- DATA SECTION -
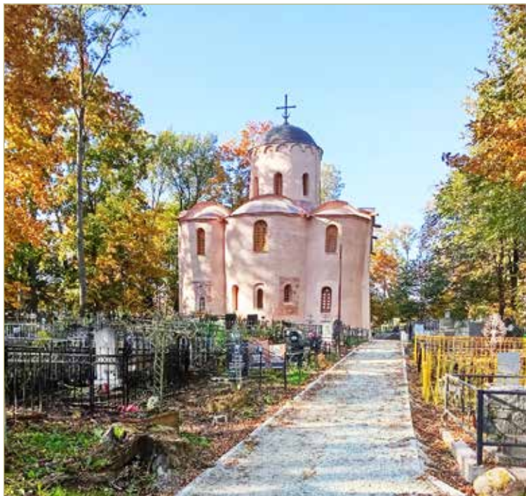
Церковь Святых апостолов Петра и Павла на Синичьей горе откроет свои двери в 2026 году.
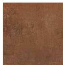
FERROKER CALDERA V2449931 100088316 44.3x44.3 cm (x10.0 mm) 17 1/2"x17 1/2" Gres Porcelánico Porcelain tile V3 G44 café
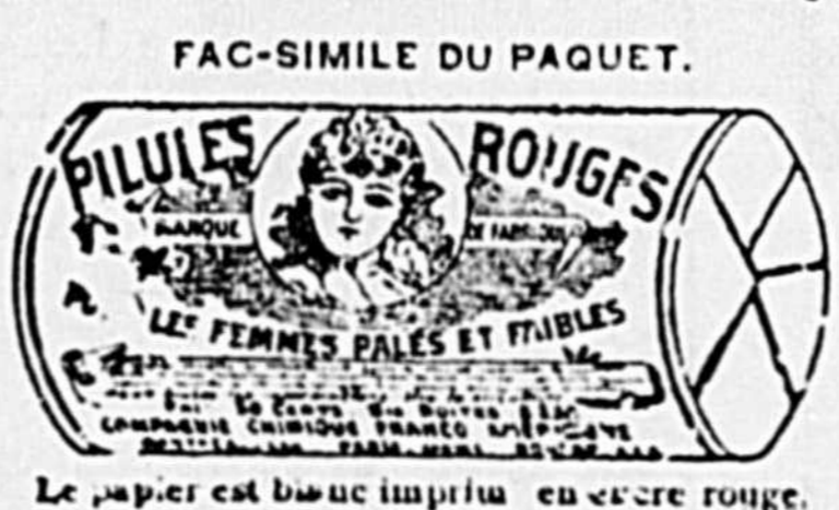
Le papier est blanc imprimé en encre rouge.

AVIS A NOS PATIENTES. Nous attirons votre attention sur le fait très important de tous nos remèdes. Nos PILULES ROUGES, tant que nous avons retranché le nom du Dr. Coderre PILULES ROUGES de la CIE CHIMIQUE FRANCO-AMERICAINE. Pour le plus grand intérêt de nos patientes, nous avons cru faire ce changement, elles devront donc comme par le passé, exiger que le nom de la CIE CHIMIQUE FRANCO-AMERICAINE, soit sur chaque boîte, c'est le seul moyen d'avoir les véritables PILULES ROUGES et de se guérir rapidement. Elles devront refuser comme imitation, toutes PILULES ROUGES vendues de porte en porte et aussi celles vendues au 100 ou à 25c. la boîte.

- WHAT TO PRODUCE -
From the very first line of the listing above through the line that holds "Le papier est blanc imprimé en encre rouge.", write out each line exactly as it stands, leaving pictures out.

- OUTPUT -
Церковь Святых апостолов Петра и Павла на Синичьей горе откроет свои двери в 2026 году.
FERROKER CALDERA V2449931 100088316 44.3x44.3 cm (x10.0 mm) 17 1/2"x17 1/2" Gres Porcelánico Porcelain tile V3 G44 café
Le papier est blanc imprimé en encre rouge.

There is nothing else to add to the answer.